In order to consider the effect of anisotropy of soil around the pile on the lateral vibration of pile groups, the soil around the pile is regarded as a transversely isotropic medium, and a lateral dynamic interaction model of pile-pile in transversely isotropic soil is established. According to Novak’s plane assumption and wave propagation theory, the lateral vibration of transversely isotropic soil layer is solved by introducing potential function and using mathematical and physical means, and the attenuation function of lateral displacement of free field is given. The Dobry and Dazetas simplified solution of attenuation function is different from that of solution of plane model. The pile-pile horizontal dynamic interaction factor in transversely isotropic soil is obtained by using the initial parameter method and Krylov function. The horizontal dynamic impedance of pile groups is obtained by using the pile-pile superposition principle. The change rule of the lateral displacement attenuation function of transversely isotropic soil with frequency is related to the direction and frequency. The ratio of the shear modulus in the lateral plane to the shear modulus in the vertical plane and the pile spacing have a great impact on the lateral vibration of pile groups, and when the pile spacing is large, the curves of attenuation function varying with frequency fluctuate greatly.

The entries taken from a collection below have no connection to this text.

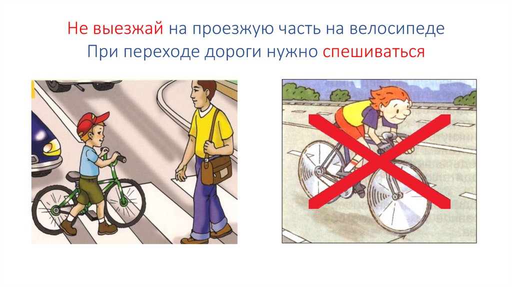 Не выезжай на проезжую часть на велосипедеПри переходе дороги нужно спешиваться
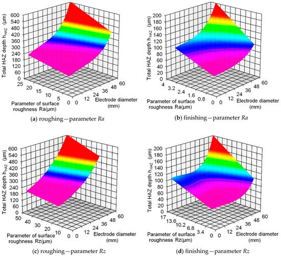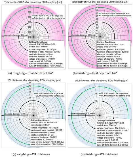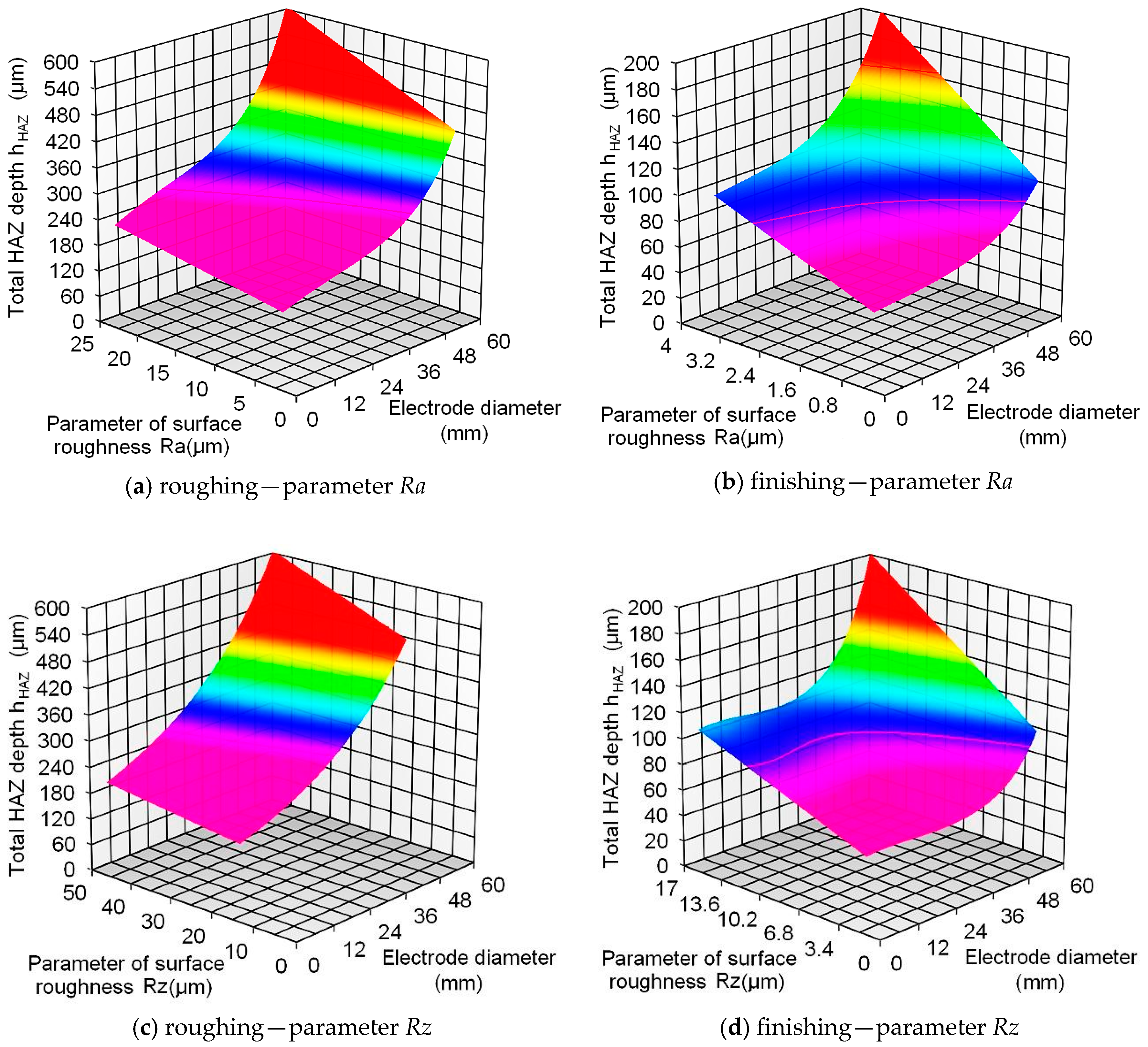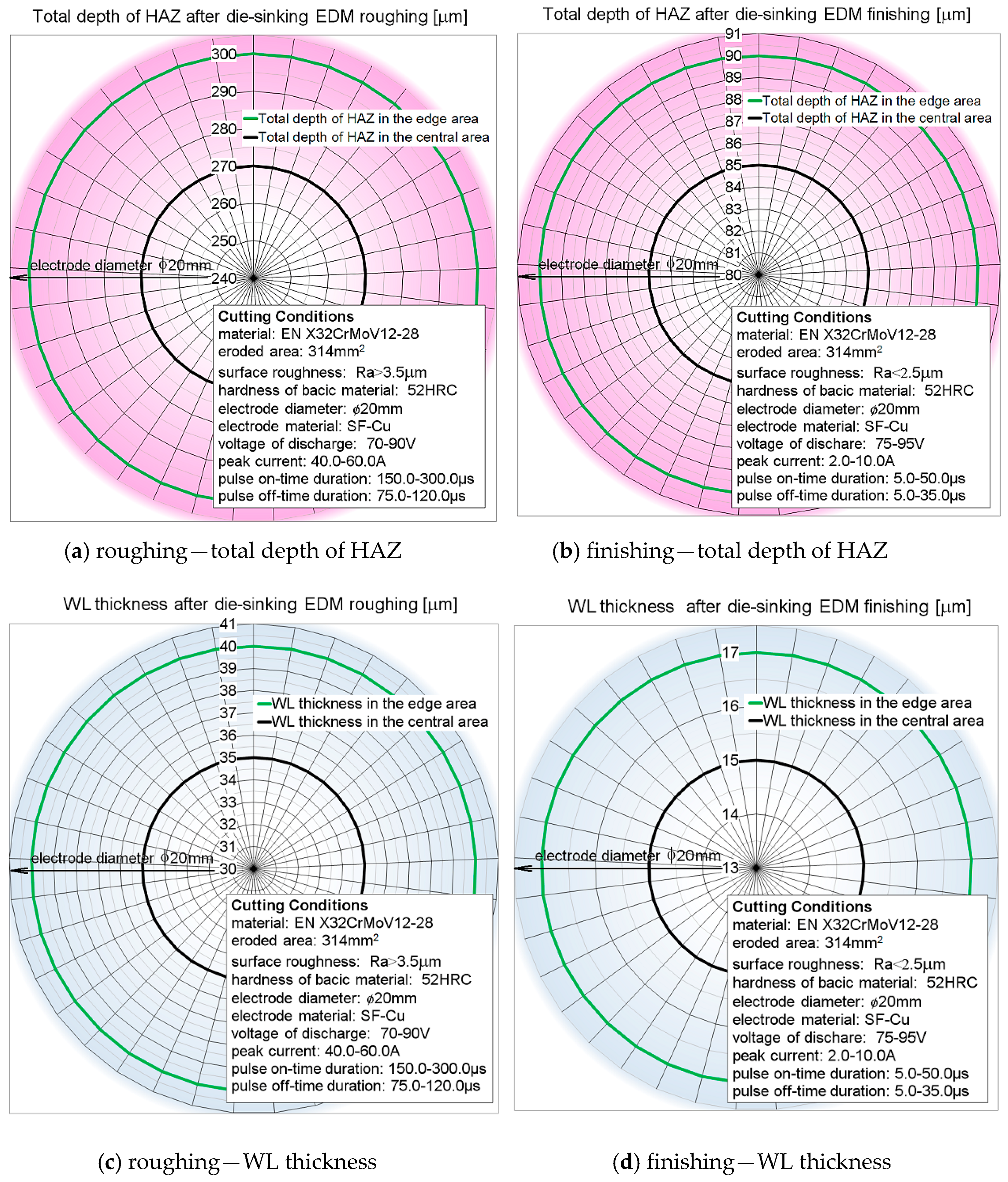 - total thickness hHAZ was determined for the roughing (120 to 280 µm), and finishing operation (60 to 100 µm) with a SF-Cu electrode of 20 mm diameter;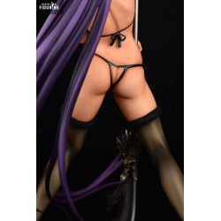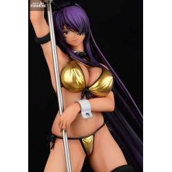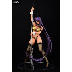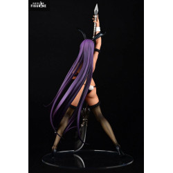 Elle arbore un bikini métallisé doré, assorti aux manchettes blanches, aux oreilles de lapin noires et aux bas résille foncés. Sa longue chevelure violette descend en vague jusqu’au socle, accentuant la silhouette. L’imposante hallebarde à tête bestiale ancrée au sol vient rappeler sa nature de combattante, même dans une tenue festive.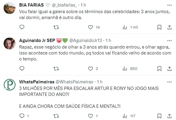 Abel também ligou um alerta na torcida do Palmeiras ao deixar em aberto seu futuro: “Foi o que nos fez em três anos ter muito cabelo branco, muitos exames feitos para entender o que se passa no coração. Períodos difíceis de saúde mesmo, não só física como mental. Já falei no último jogo e as pessoas não querem saber disso. Resta pensar muito bem sobre o que quero. Futebol aqui não dá saúde a ninguém. Olhem para mim agora e olhem há três anos. Alguma coisa vai ter que mudar”, disse.
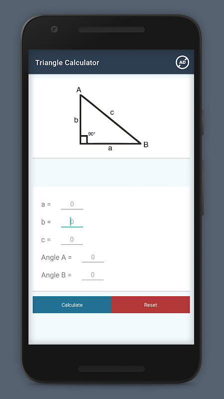 Triangle Calculator Free is a calculator designed to give the two unknown factors in a right triangle, assuming two factors are known. Again, this right triangle calculator works when you fill in 2 fields in the triangle angles, or the triangle sides.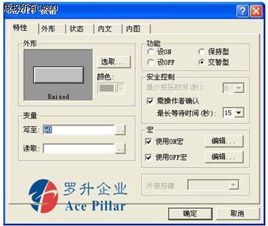 双击按钮,弹出ON/OFF按钮属性对话框,特性设置参考Demo01说明,这里设置的是交替型按钮写至Y0,选择需操作者确认/使用ON宏/使用OFF宏。如图一: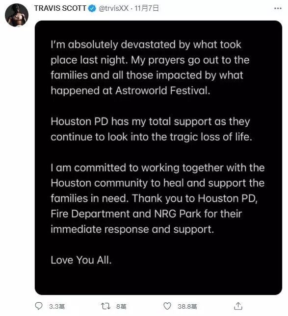 今日有報道指Travis願意負責8名死者的殮葬費,上周六他在網上留言致哀:「我為昨晚發生的事感到十分崩潰,我向那些在Astroworld Festival失去家人的家庭及受影響人士致哀。」他又承諾協助休斯敦社區治療傷痛,並全力支持警方的調查。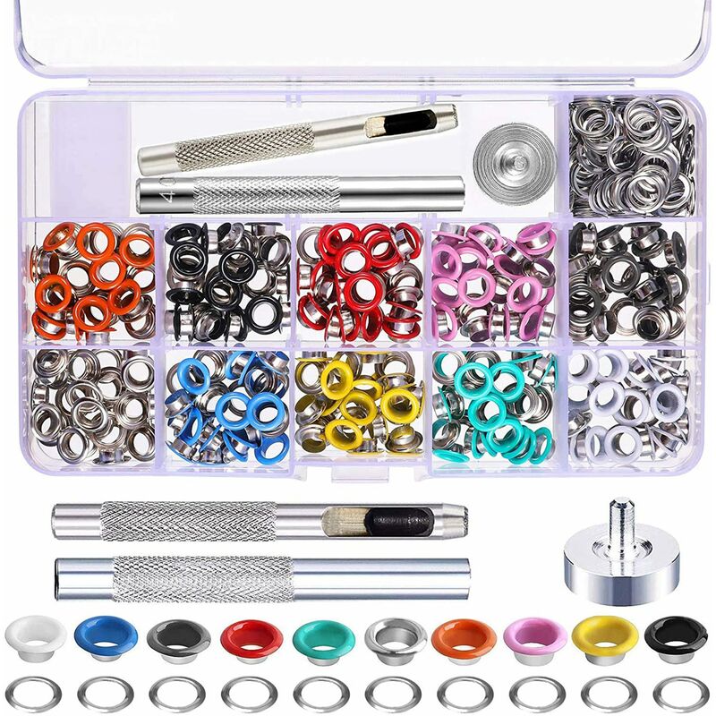 Il diametro interno dell'occhiello è di 5 mm. Il suo diametro totale è di 9 mm. Altezza: 3,8 mm. 10 colori misti: argento, bianco, nero, grigio, rosso, giallo, blu, verde, viola, arancione. Questi sono piccoli occhielli, il diametro interno è di 5 mm, simili alle scarpe da ginnastica con occhielli. Quindi, se vuoi usarli per una tenda da doccia, una tenda o un telo, assicurati che la dimensione sia quella di cui hai bisogno. Questi piccoli occhielli per tessuti e artigianato sono perfetti per realizzare occhielli per lacci delle scarpe, o creare fori di ventilazione in un cappello da sole o un berretto da baseball, o aggiungere un foro su borse di tela/cinghie della cintura. Questo strumento per occhielli con kit di occhielli con custodia è ideale per rifinire progetti artigianali fatti in casa o riparare vestiti, scarpe da ginnastica e scarpe da ginnastica. Sono inclusi 3 strumenti di installazione per praticare i fori e fissare gli occhielli . NOTA: devi usare il tuo martello o

The ratio of elastic modulus of pile to vertical plane shear modulus of soil has an effect on the lateral stiffness of pile groups, which is related to frequency, while the effect on dynamic damping is not affected by frequency. The difference of mechanical properties on different surfaces of soil around the pile has a great influence on the lateral vibration of pile groups in transversely isotropic soil, and the influence of the anisotropy on the attenuation function of the lateral displacement and the dynamic impedance cannot be ignored.

1. Introduction

The research on the dynamic characteristics of pile foundation is related to the safety and stability of building structures. Therefore, since the 1960s, Novak [1], Novak and Nogami [2], Nogami and Novák [3], El Naggar and Novak [4], Wu et al. [5], Zheng et al. [6], Cui et al. [7], Zhang et al. [8], and others have conducted systematic theoretical research on the vibration of single pile. In practical engineering, pile foundation usually appears in the form of pile groups. Under the dynamic excitation of wind, waves, and earthquake, the dynamic response of pile groups is very complex, so the research on the dynamic characteristics of pile groups is relatively late. The research on the dynamic response of pile groups under various dynamic loads has important theoretical value and engineering significance for ensuring the stability and safety of the structure.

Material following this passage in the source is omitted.